Content starts

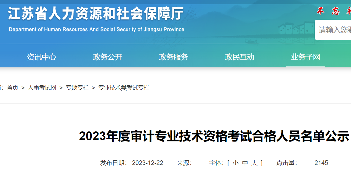 小編根據(jù)江蘇省人力資源和社會保障廳發(fā)布“2023年度審計專業(yè)技術(shù)資格考試合格人員名單公示”得知,江蘇2023年審計師考試合格人員名單公示,公示期至2023年12月31日截止,合格人員可于網(wǎng)上公示期結(jié)束后,登錄中國人事考試網(wǎng)進(jìn)行下載和查詢驗(yàn)證專業(yè)技術(shù)人員職業(yè)資格電子證書。
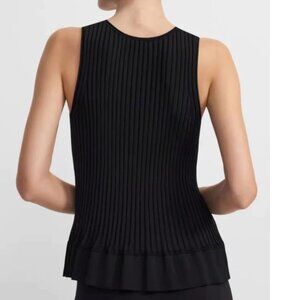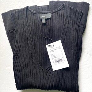 Theory Tank Top Womens Large Black V-Neck Sleeveless Flared Hem Rib Knit Stretch
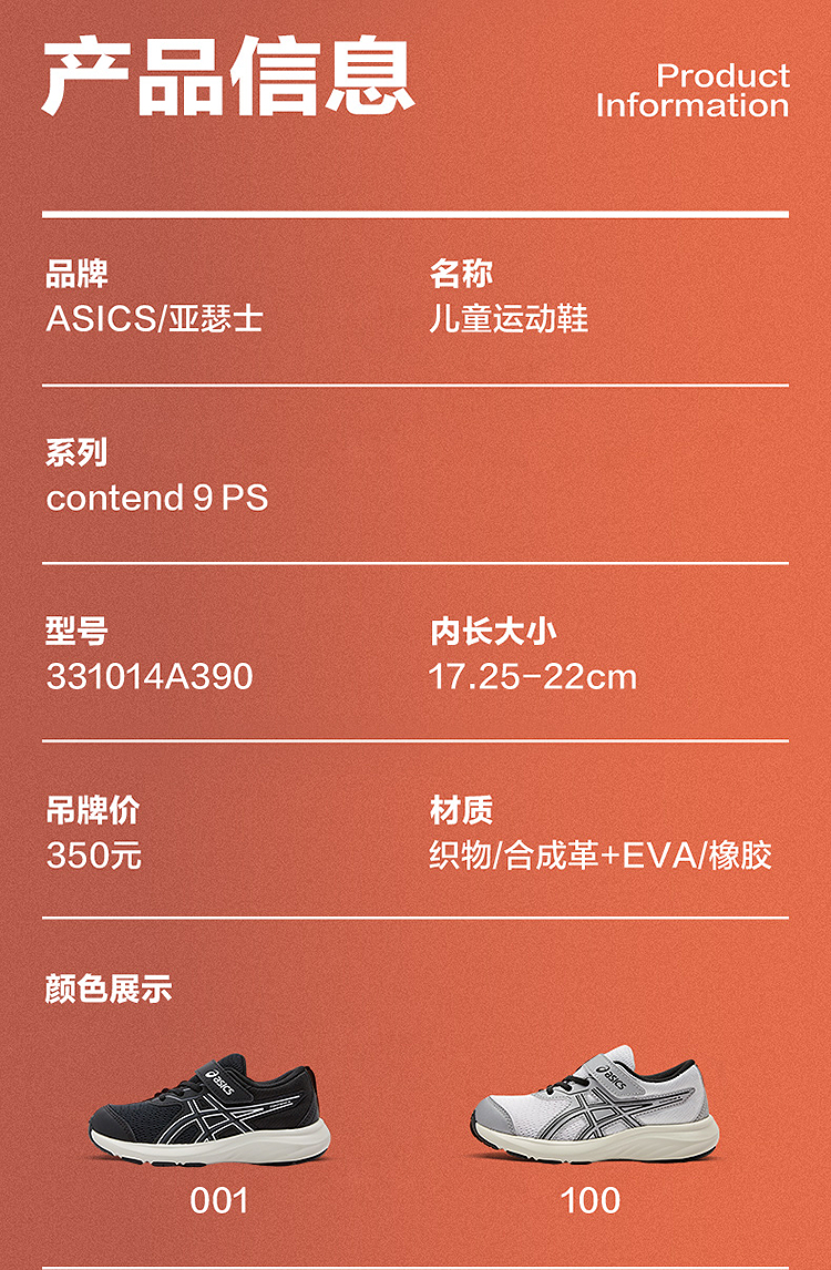 ASICS/亚瑟士童鞋2025年新款男女童运动鞋跑步鞋舒适缓冲CONTEND
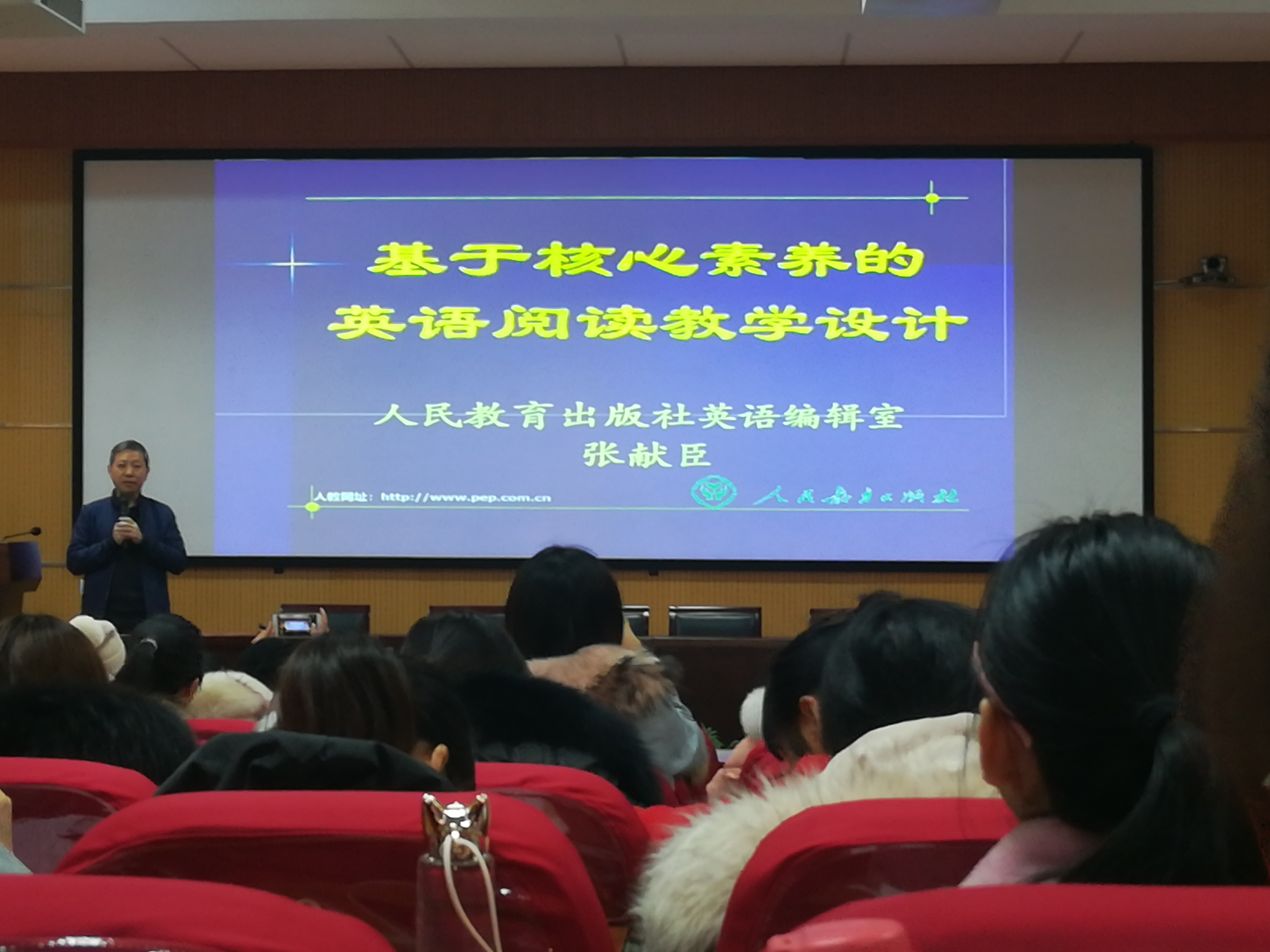 12月7日下午,人民教育出版社英语编辑室副主任张献臣老师应外国语学院邀请,在学院学术报告厅作了题为“基于核心素养的英语阅读教学设计”的讲座, 外国语学院王彩琴教授、教育硕士专职秘书王晔副教授和全体教育硕士聆听了讲座。

Content ends

> Work to be completed: Pictures must be left out. Return verbatim only the lines from the line with "Theory Tank Top" through the final line of the material above, including both ends.

> Solution to this exercise:
 Theory Tank Top Womens Large Black V-Neck Sleeveless Flared Hem Rib Knit Stretch
 ASICS/亚瑟士童鞋2025年新款男女童运动鞋跑步鞋舒适缓冲CONTEND
 12月7日下午,人民教育出版社英语编辑室副主任张献臣老师应外国语学院邀请,在学院学术报告厅作了题为“基于核心素养的英语阅读教学设计”的讲座, 外国语学院王彩琴教授、教育硕士专职秘书王晔副教授和全体教育硕士聆听了讲座。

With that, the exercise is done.